# Poisson's equation in 1D

1. Sep 27, 2009

### th5418

1. The problem statement, all variables and given/known data
Alright, well this is more of a math problem I guess... but here it is.
$$\frac{\partial^{2}}{\partial x{2}} V = - \frac{I}{A\epsilon_o} \sqrt{\frac{m}{2e}} \frac{1}{\sqrt{V}}$$

Everything besides the $$V$$ is constant.

2. Relevant equations
Trying to solve for the potential

3. The attempt at a solution
What's the general solution for these types of second order differentials?

2. Sep 28, 2009

### gabbagabbahey

First, if it is a 1D problem, the partial derivatives can be replaced by ordinary derivatives!

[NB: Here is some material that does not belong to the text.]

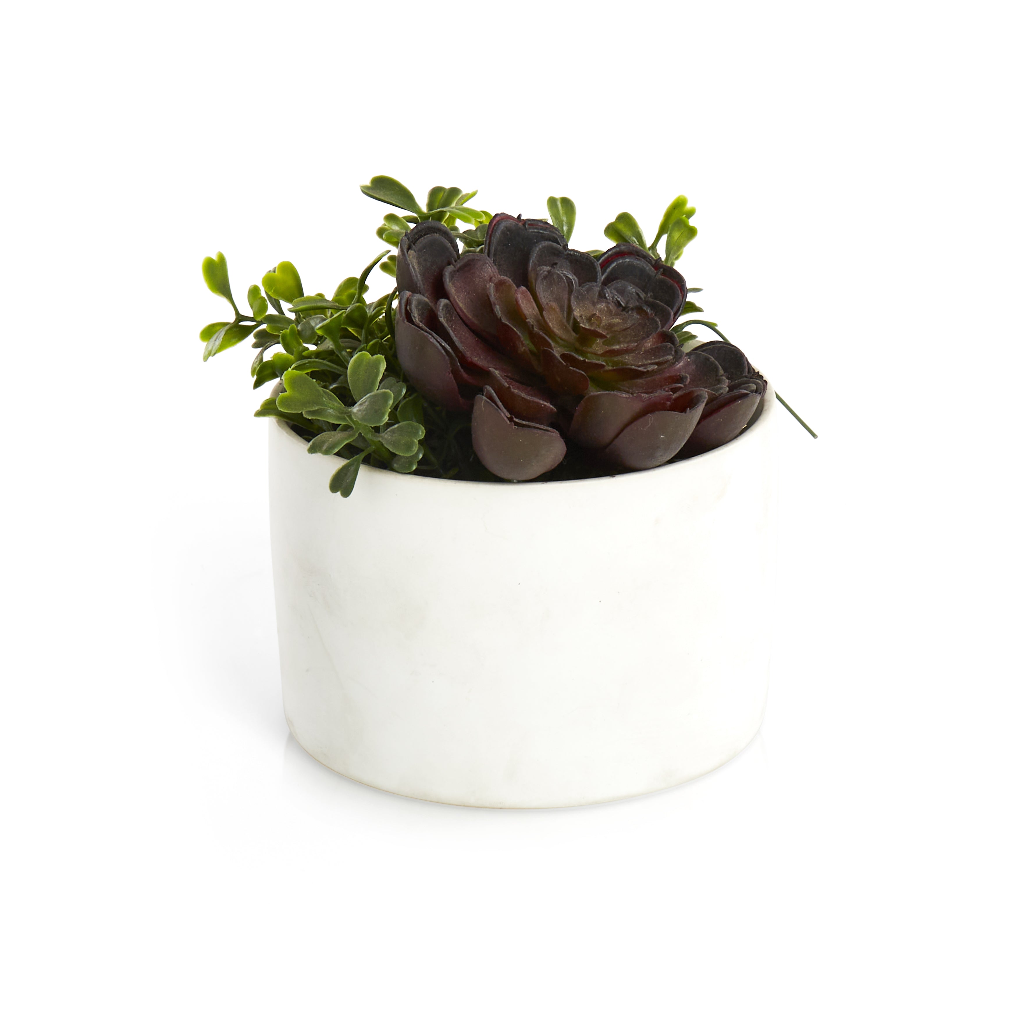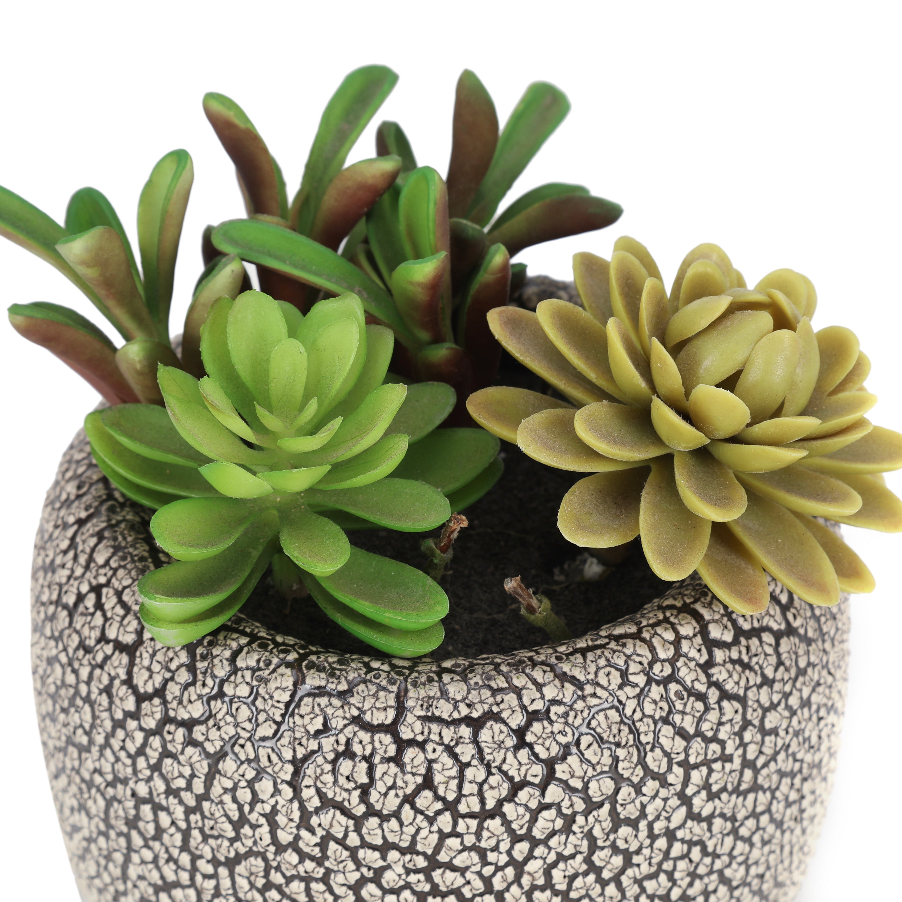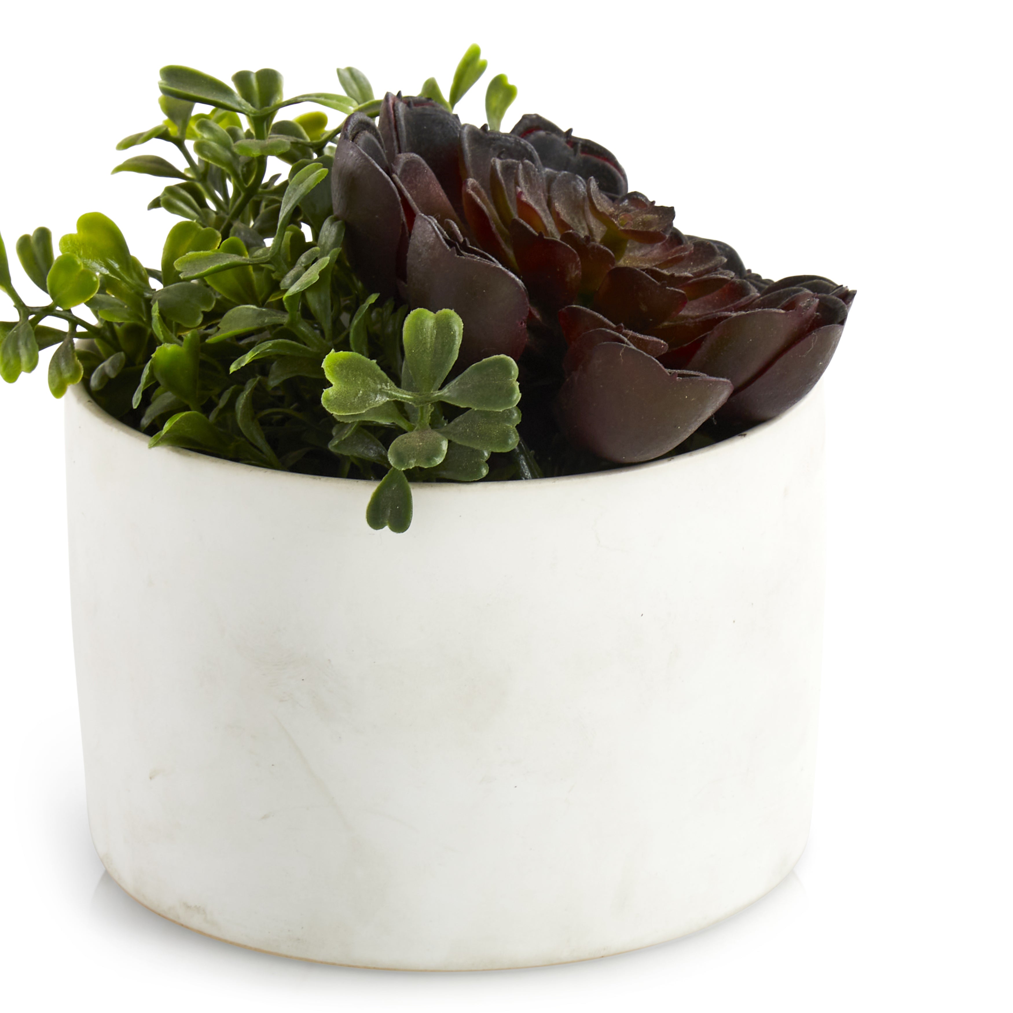 Details: Faux succulents in a small textured black and white planter. Dimensions: 7" H x 6" D

Second, try defining a new variable: $W\equiv \frac{dV}{dx}$ and then take note of the fact that

[tex]\frac{d^2 V}{dx^2}=\frac{dW}{dx}=\frac{dV}{dx}\frac{dW}{dV}=W\frac{dW}{dV}=\frac{1}{2}\frac{d}{dV}(W^2)[/itex]

...you will then have a first order, separable ODE for $W$....which I'm sure you know how to solve!

P.S. This is a common trick, so it's worth remembering!

Last edited: Sep 28, 2009